In it, the authors, Rita Nascimento and Ricardo Zósimo, from Nova SBE, consider that the end of the Foreigners and Borders Service (SEF) and the transfer of part of its powers to the Agency for Integration, Migrations and Asylum (AIMA) accentuated the problems, “namely bureaucratic issues, delays in regularisation processes and gaps/failures in support systems”.

AIMA inherited 300,000 pending cases from the SEF, a delay that is increased by other cases that the State has to respond to, such as visas from the Community of Portuguese-speaking Countries or other renewals, generating delays of years.

The study presented includes interviews with leaders of immigrant associations in the universe of the Patriarchate of Lisbon and “allows a more in-depth qualitative analysis of what their concerns are” in relation to the Portuguese “reception ecosystem”, Rita Nascimento explained to Lusa.

The issue that most concerns immigrants “is associated with the regularisation of processes, because of recent institutional changes”, and the “blockage that this is causing in people's lives”, said the author.

“We’re talking about people, aren’t we?

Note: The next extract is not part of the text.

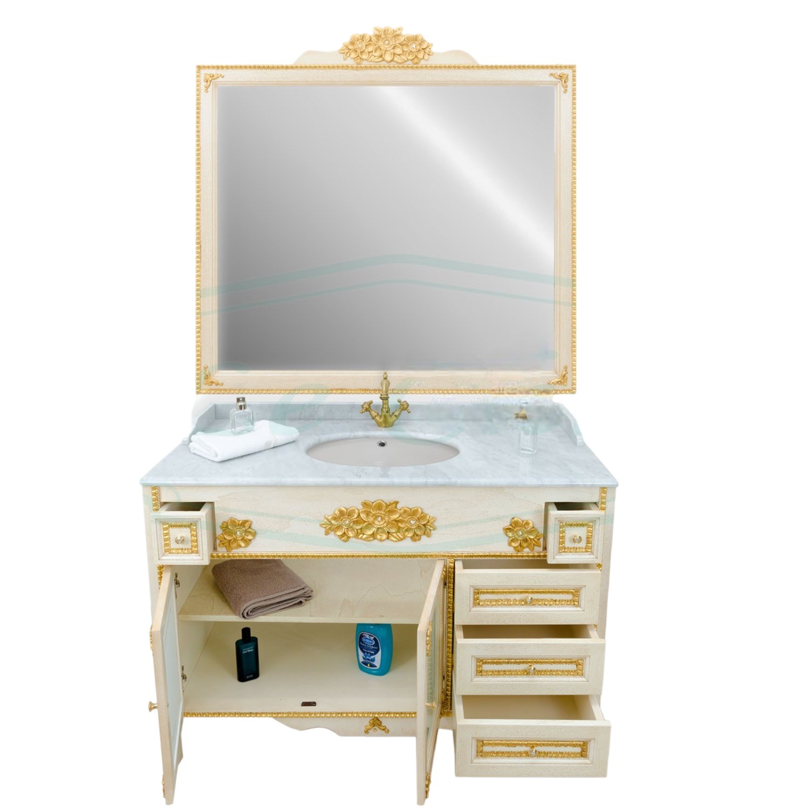 Mobile bagno in stile shabby chic, costruito interamente in legno di pioppo. Finitura laccato avorio decapè, realizzato completamente a mano in Italia. Dotato di 2 ante vetro sabbiato con decori, 3 cassetti laterali e 2 cassetti nella parte superiore. Unico nel suo genere per gli intarsi in foglia oro e i pomoli in ottone oro con swarovski, per non passare inosservati. Il top in marmo bianco di carrara è resistente ad prodotti chimici e corrosivi. Con la base è compresa una specchiera in stile barocco. La vernice del mobile è idrorepellente.

People whose lives are on hold, waiting for papers that allow them to continue their lives,” she added, highlighting that the lack of documentation affects professional and social integration in the country.

“Without documents, exploitation is easier, it is more difficult to access a house or a good job and there is an increase in exclusion due to poverty”, the researcher explained to Lusa.

Despite the problems, those interviewed stated that “Portugal is a welcoming country and there is no feeling of exclusion”, but they admit “an increase in discrimination against immigrants in Portuguese society”, also related to “the current political situation and the narrative published by the media”.

In the document, the authors propose actions to Cáritas to promote legal and documentary support for immigrants, as well as training on their rights in the country and “mental health services in the support structure” of the Catholic organization.

They also advocate training for migrant associations in areas such as “social integration and legal topics”, but also training in multiculturalism and intercultural dialogue and “awareness campaigns” for local communities and society as a whole about the contributions of immigrants to the country.